CARLOS: Y antes de que hablara le dije, “Coge lo que necesites, vete a casa de tus padres o donde quieras las dos semanas que quedan para que el cabrón de mi sobrino se largue de una puta vez de esta casa, luego hablaremos”, y así lo hizo, sin decir nada, solo mirándome con carita de avergonzada y sin parar de llorar preparó una maleta y se fue, esperé que llegara mi sobrino y lo senté en la misma silla para decirle, “Eres el hijo de mi hermana, pero también el hijo de la gran puta más grande que conozco, ya puedes recoger tus cosas y largarte de esta casa cabrón de mierda, te he reservado una habitación en el hotel de la universidad los días que te quedan por estar por aquí, no quiero que mi hermana tenga que gastarse más dinero en una mierda como tú, espero no verte más en tu puta vida, lárgate”.

Se quedó en silencio bebiendo con la vista un poco perdida.

YO: ¿Estás bien Carlos?, si quieres lo dejamos aquí.

Me miró que parecía que había recuperado fuerzas.

CARLOS: No, no, seguimos, me quedé solo en casa y triste como te puedes imaginar, se me ocurrió llamar a mi cuñada Patri, era la persona a la que le tenía suficiente confianza para explicárselo y desahogarme, la llamé por teléfono para preguntarle si nos podíamos ver y vino a casa al momento, nos abrazamos al entrar, ella notó por el abrazo que algo pasaba, nos sentamos en el sofá y se lo expliqué todo, me volvió a abrazar y lloré en su hombro, en esos primeros momentos me ayudo mucho…

Yo levanté las cejas mirándolo.

CARLOS: …pero no de la manera que té piensas cabroncete.

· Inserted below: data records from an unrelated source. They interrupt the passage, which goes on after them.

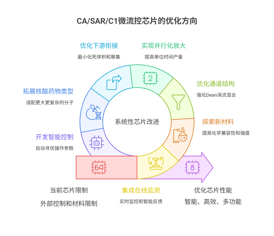 图 1:基于环形非对称分割重组(CA/SAR)混合原理,利用设计的 CA/SAR 微通道与 CA/SAR/C1 芯片实现高质量一致性脂质纳米颗粒(LNPs)制备的扩展策略图。
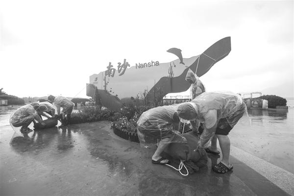 9月14日,党员志愿者在舟山朱家尖南沙景区内用沙袋加固景区主题墙。当日,随着台风影响逐渐减弱,浙江舟山各街道乡镇的党员志愿者积极参与排涝除险、交通疏导、清理垃圾等工作,将台风带来的影响降到最低,尽快恢复正常的工作生活秩序。新华社记者 徐昱 摄
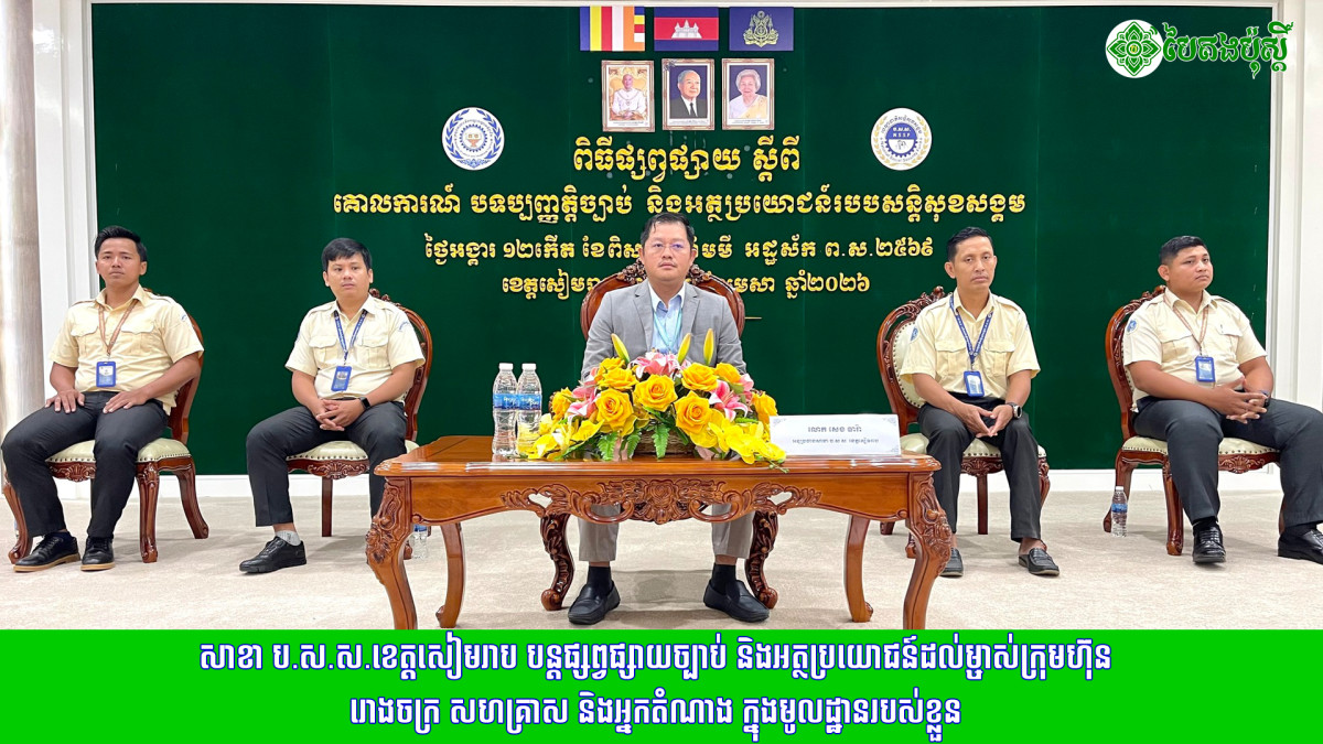 ដោយ៖ សំនៀង ក្រសួងការងារ និងបណ្តុះបណ្តាលវិជ្ជាជីវៈ រៀបចំពិធីផ្សព្វផ្សាយស្តីពី ភាពតានតឹងដោយកម្តៅ ការដុតកម្ទេចក្រណាត់ និងសុវត្ថិភាពអគ្គិភ័យ នៅតាមសហគ្រាស ក្រុមហ៊ុន រោងចក្រ ដោយមានការចូលរួមពីសំណាក់ លោកជំទាវ ជា សុខនី រដ្ឋលេខាធិការ តំណាងដ៏ខ្ពស់ខ្ពង់ឯកឧត្តម ហេង សួរ រដ្ឋមន្ត្រី ក្រសួងការងារ និងបណ្តុះបណ្តាលវិជ្ជាជីវៈ បានអញ្ជើញជាអធិបតី រួមជាមួយបុគ្គលិកទទួលបន្ទុកផ្នែករដ្ឋបាល ធនធានមនុស្ស គ្រូពេទ្យសហគ្រាស ក្រុមការងារសុវត្ថិភាពនិងសុខភាពការងារ និងតំណាងកម្មករនិយោជិត ប្រមាណជាង ៥០០នាក់។ តាមរយៈកម

Nos reímos y el siguió hablando.

CARLOS: Entre semana me ayudó con los niños haciéndonos compañía, me encantaba estar a su lado, era cariñosa con todos y se preocupaba de nuestro bienestar, me envió un mensaje Sofía, para pedirme permiso para ir a buscar a los niños al colegio el viernes, para pasar con ellos el fin de semana que los echaba mucho de menos, habló con su hermana y le pidió que nos cuidara por ella, todo correcto, les hice una maleta a los niños para el fin de semana, me pareció lógico que estuvieran con su madre, aprovechamos para montar una cena el sábado con Víctor, nos tomamos luego varias copas y nos lo pasamos muy bien los tres distrayéndome por un rato de mi “problema”.

Miré la hora por inercia.

CARLOS: ¿Se te ha hecho tarde?, si quieres quedamos otro día, ahora que me he lanzado a explicarte la historia me gustaría acabarla.

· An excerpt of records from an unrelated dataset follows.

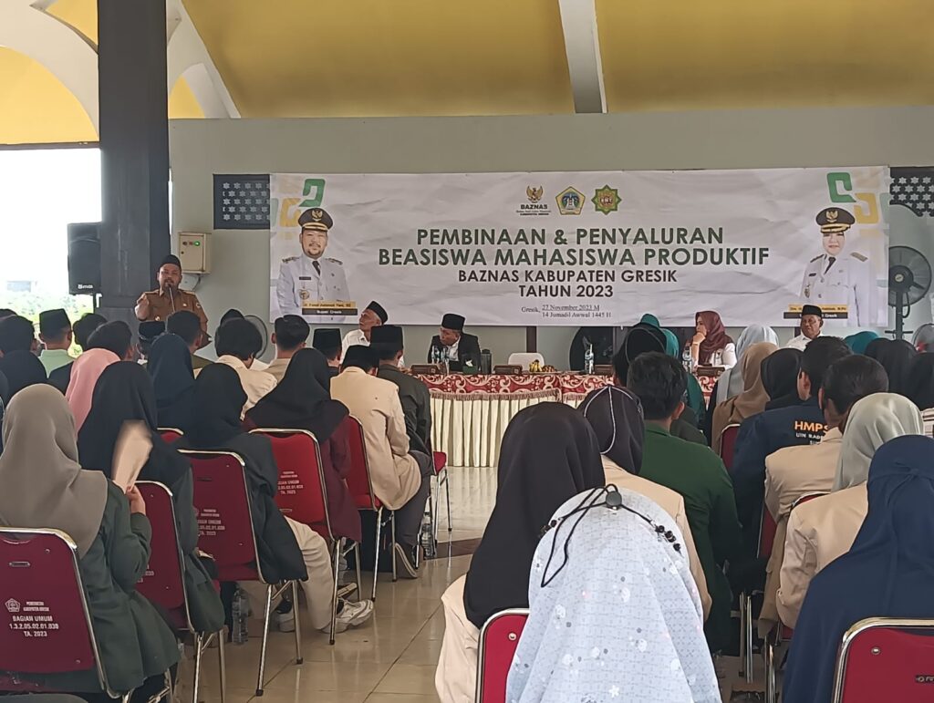 Hal ini disampaikannya saat menghadiri kegiatan Pembinaan dan Penyaluran Beasiswa Mahasiswa Produktif Baznas Kabupaten Gresik tahun 2023 yang dilaksanakan di Rumah Joglo Pemerintah Daerah Kabupaten Gresik, Senin (27/11/2023).
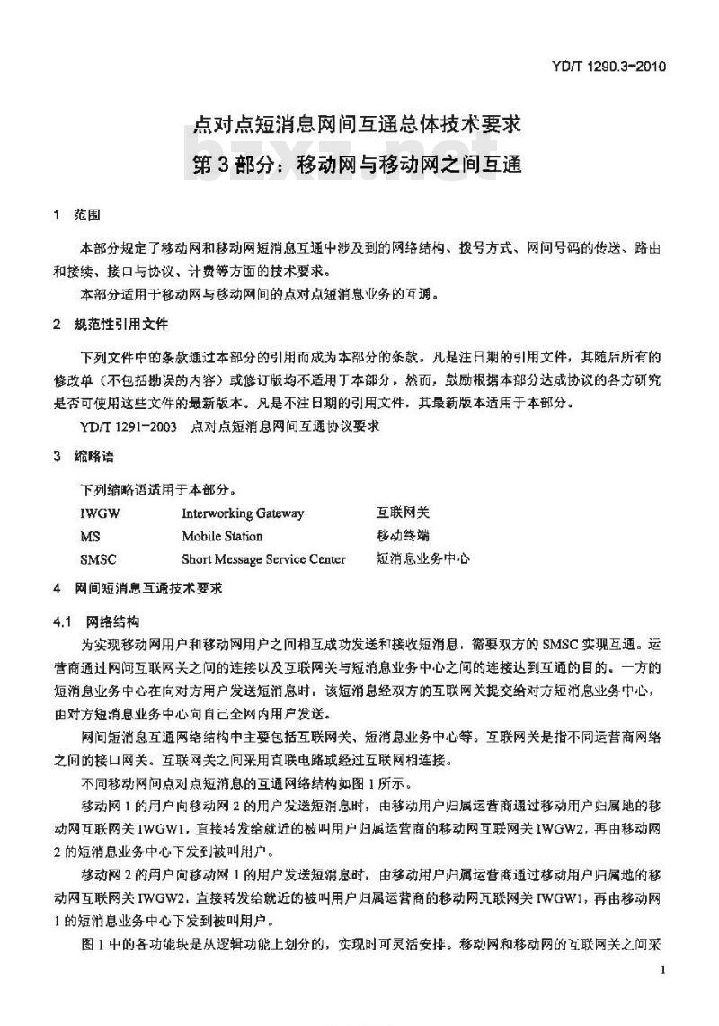 YD/T 1290.3规定了移动网和移动网短消息互通中涉及到的网络结构、拨号方式、网间号码的传送、路由和接续、接口与协议、计费等方面的技术要求。
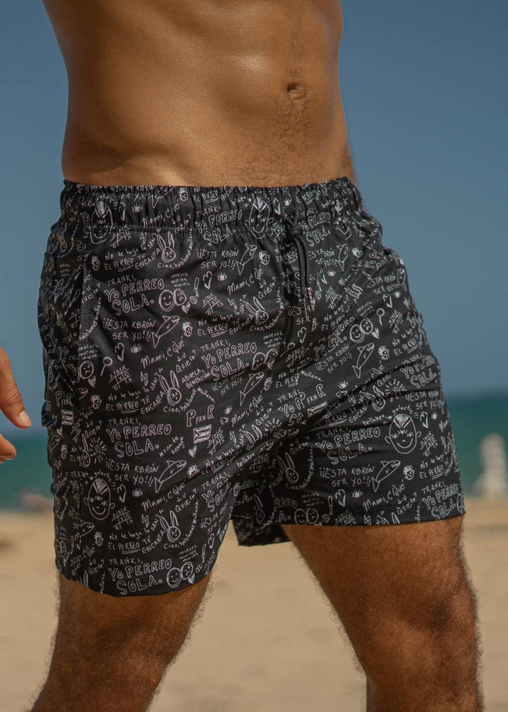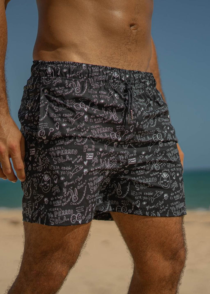 The embodiment of vibrant rhythm and playful style. Our Perreo Swim Short pays homage to the lively beats of Reggaeton and the most iconic symbols and phrases of this urban style, allowing you to showcase an energetic design. Capturing the perfect blend between music style and beachside comfort, designed to make a splash on and off the dance floor.
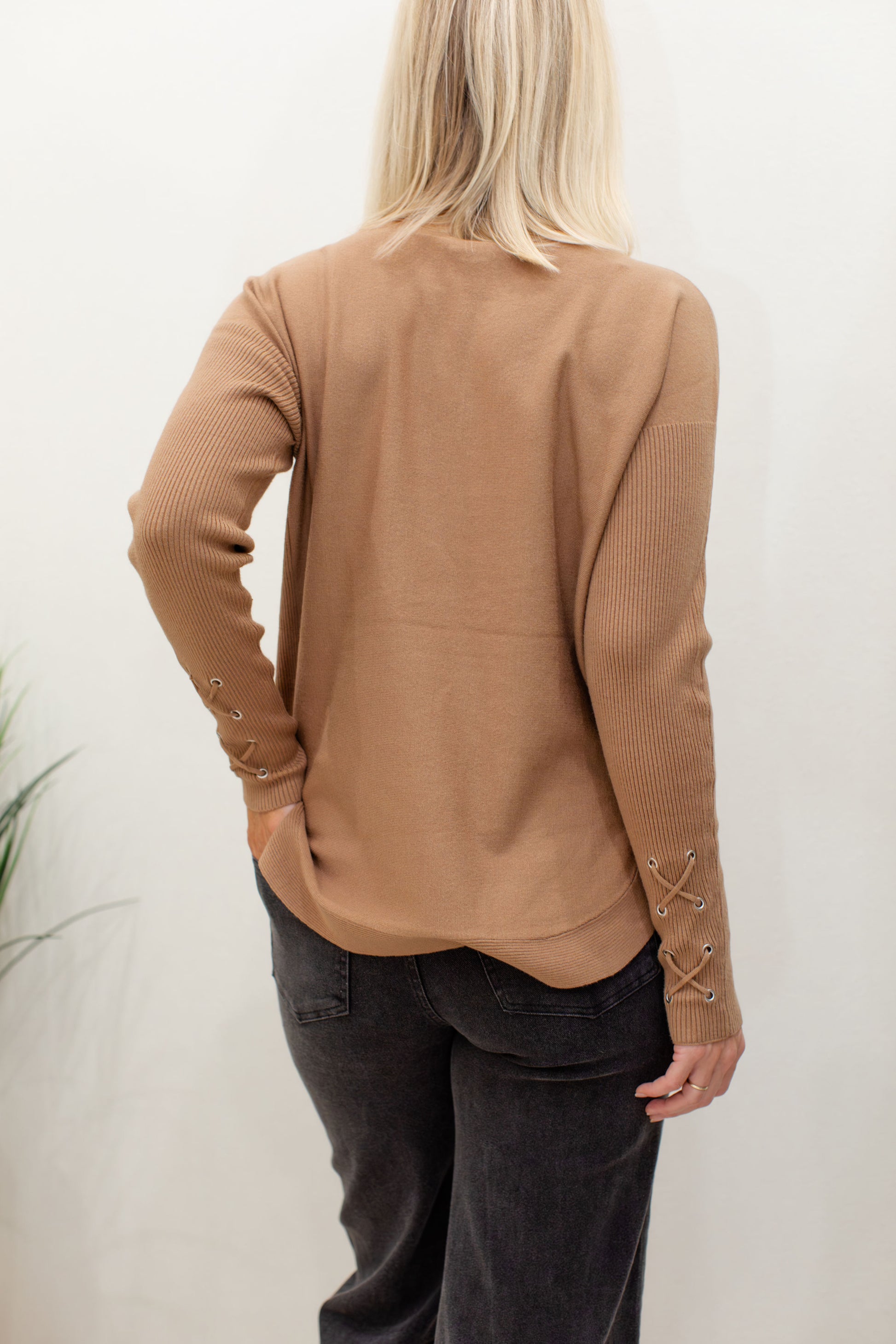 Round Hem Sweater With Front Pockets And Sleeve lacing Detail
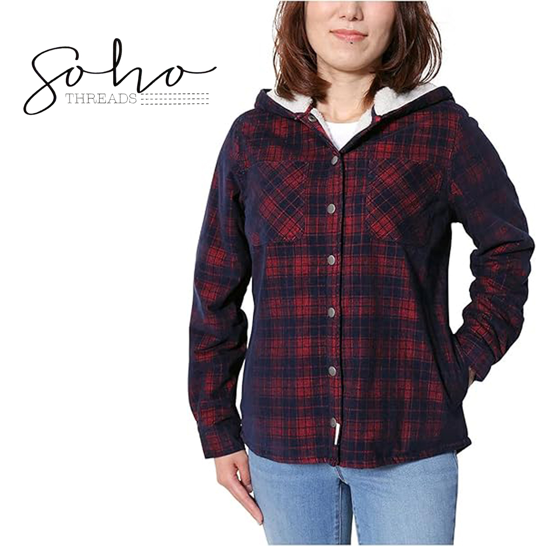 > 新品 M ★ コストコ Soho THREADS ソーホー レディース 裏ボア シャツ パーカー ジャケット ネイビー レッド シェルパ チェック柄 アウター
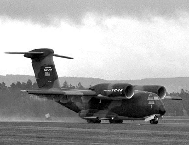 flight. The YC-14, Boeing's possible successor to the C-130 Hercules transport,
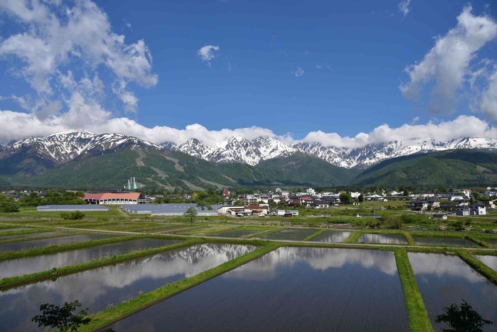 田んぼに水が張られ、白馬山系の映り込みが確認できます。

YO: No tranquilo, déjame llamar a Sara para decirle que llegaré más tarde y seguimos.

Me levanté y caminé un poco para estirar las piernas y llamar a mi pareja, cuando llegué de nuevo a la mesa él estaba llamando diciendo que llegaría tarde porque estaba cenando con un amigo.

CARLOS: ¿Pedimos algo para cenar?

YO: Perfecto.

Y lo que empezó como un almuerzo se iba a convertir en una cena también.

CARLOS: Pasaron los días, el cabrón de mi sobrino se volvió a su puto pueblo, Sofía me envió un mensaje para que pudiéramos hablar con tranquilidad del tema, quedamos una mañana después de llevar a los niños al colegio en casa, se le notaba en la cara que había pasado unos días muy malos, estaba muy triste, nos sentamos en el sofá uno delante del otro.

SOFIA: Lo siento mucho Carlos, te juro que estoy muy arrepentida, nunca debió pasar.

CARLOS: Empezó a llorar poniéndose una mano en la frente bajando la cabeza, entonces le dije que me explicara cómo había ido todo, porque llegó a eso, me dijo que no tenía importancia y que lo que quería era arreglar las cosas conmigo, yo le contesté que si quería arreglar algo lo primero era que yo lo supiera todo para evaluar que hacer, que la mejor manera de empezar de nuevo era que fuera sincera, ella respiró profundo y me miró a los ojos.

SOFIA: Todo empezó cuando un día me encontré unas bragas encima de la ropa sucia, tú ya sabes que siempre he tenido mucha manía con eso, tú nunca las habías movido, para que ibas a hacerlo si podías vérmelas puestas y hacer con ellas lo que quisieras.

CARLOS: Vi que intentaba ablandarme y que pensara en los momentos felices que habíamos pasado juntos, no caí en la trampa y le pedí serio que siguiera hablando.

SOFIA: Yo las volvía a meter entre medio de la ropa.

CARLOS: Y yo pensé, menos cuando entraba yo antes y me las encontraba primero.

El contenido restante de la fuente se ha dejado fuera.